During unmanned driving, the accuracy of image recognition is affected by various complicated factors, namely, the complex background, vehicle jitter, light and shadow, and bad weather (e.g. rain, fog, and snow, see Figures 1-6). Sometimes, the traffic signs are damaged, polluted, blocked, or faded. It is impossible to cover all these situations in the training data. If the traffic signs are not identified stably by the image recognition algorithm, the control system of intelligent vehicles might make misjudgments, resulting in fatal traffic accidents. Therefore, it is a common goal among scholars engaging in intelligent vehicles to improve the stability and generalization ability of traffic sign recognition algorithms.

Self-spaced learning is an emerging method that can effectively enhance the generalization ability of ML algorithms. As a training method for ML algorithms, the self-paced learning (SPL) is developed from curriculum learning (CL). In 2009, Bengio et al. [8] introduced the concept of the CL into the ML, creating the CL training method.

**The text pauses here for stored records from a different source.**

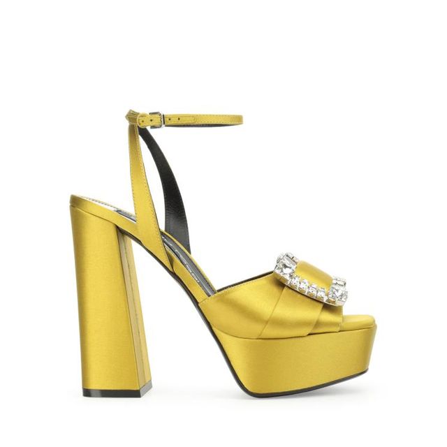 샌들 힐을 제안한다. 발등을 감싸는 화려한 크리스털 장식과 군더더기 없는 실루엣, 그리고 옐로와 그린 컬러 사이인 듯 오묘한 빛을 발하는 샤르트뢰즈 컬러의 조합이 이색적이다.
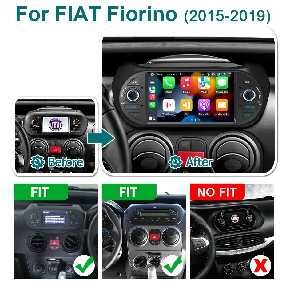 7″ Screen Android 15 Auto Carplay Bluetooth Car Radio for Fiat Fiorino Citroen Nemo Peugeot Bipper 2015-2019 Multimedia Player
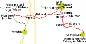 The Pittsburgh and West Virginia Railway (reporting mark PWV) was a railroad in the Pittsburgh, Pennsylvania and Wheeling, West Virginia, areas. Originally built as the Wabash Pittsburgh Terminal Railway, a Pittsburgh extension of George J. Gould's Wabash Railroad, the venture entered receivership in 1908 and the line was cut loose. An extension completed in 1931 connected it to the Western Maryland Railway at Connellsville, Pennsylvania, forming part of the Alphabet Route, a coalition of independent lines between the Northeastern United States and the Midwest. It was leased by the Norfolk and Western Railway in 1964 in conjunction with the N&W acquiring several other sections of the former Alphabet Route, but was leased to the new spinoff Wheeling and Lake Erie Railway in 1990, just months before the N&W was merged into the Norfolk Southern Railway.

The CL is an ancient thought in pedagogy: Since human cognition is a process from simple to complex, the learning objectives of human learning should be divided into phased curriculums in ascending order of complexity. Under the CL training method, the samples are classified to multiple sets based on complexity, each of which is called a curriculum. Then, the ML algorithm learns the samples in each set from simple to complex. Experiments show that the computing models obtained by this training method is unlikely to overfit, and enjoys strong generalization ability.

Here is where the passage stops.